+++ INFORMATION SHOWN

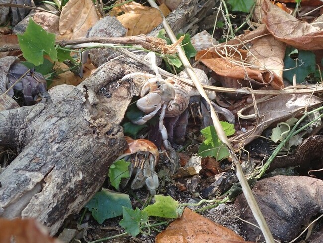 經外部形態及DNA分析,島上共有3種陸寄居蟹,分別是「皺紋陸寄居蟹 (Coenobita rugosus)」、「短掌陸寄居蟹 (Coenobita brevimanus)」及「橙紅(珠粒)陸寄居蟹(Coenobita perlatus)」。
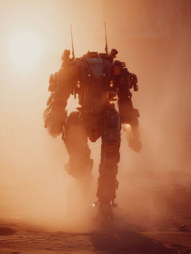 “A massive mech emerges from a smoking crater in mars, lasers firing, its armor a mix of Titanfall 2’s futuristic aesthetics and Mechwarrior’s rugged, industrial mechanics. Hydraulic pistons hiss as it steps forward, armed with pulse cannons and missile pods. The battlefield around it is filled with wreckage and smoke, the remnants of a fierce battle. Dust and debris rise with each step, creating an epic, cinematic scene of destruction and war”
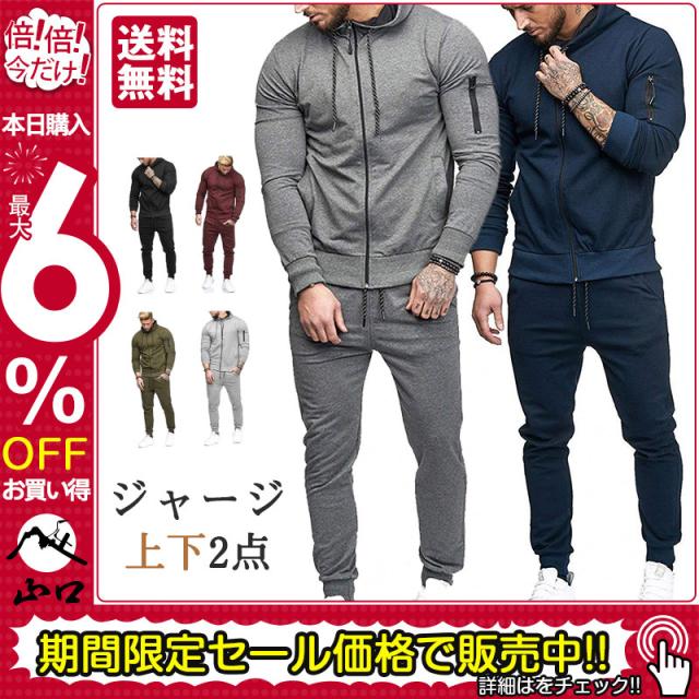 ジャージ メンズ 上下2点 セットアップ 長袖 パーカー フード付き カジュアル 前開け スウェットセット 秋冬 トレーニング ス

++++++

WHAT IS REQUIRED —
Reproduce exactly, and only, the lines that begin at the one containing "massive mech emerges" and end with the final line of the data, both included, while omitting every picture.

YOUR SOLUTION —
 “A massive mech emerges from a smoking crater in mars, lasers firing, its armor a mix of Titanfall 2’s futuristic aesthetics and Mechwarrior’s rugged, industrial mechanics. Hydraulic pistons hiss as it steps forward, armed with pulse cannons and missile pods. The battlefield around it is filled with wreckage and smoke, the remnants of a fierce battle. Dust and debris rise with each step, creating an epic, cinematic scene of destruction and war”
 ジャージ メンズ 上下2点 セットアップ 長袖 パーカー フード付き カジュアル 前開け スウェットセット 秋冬 トレーニング ス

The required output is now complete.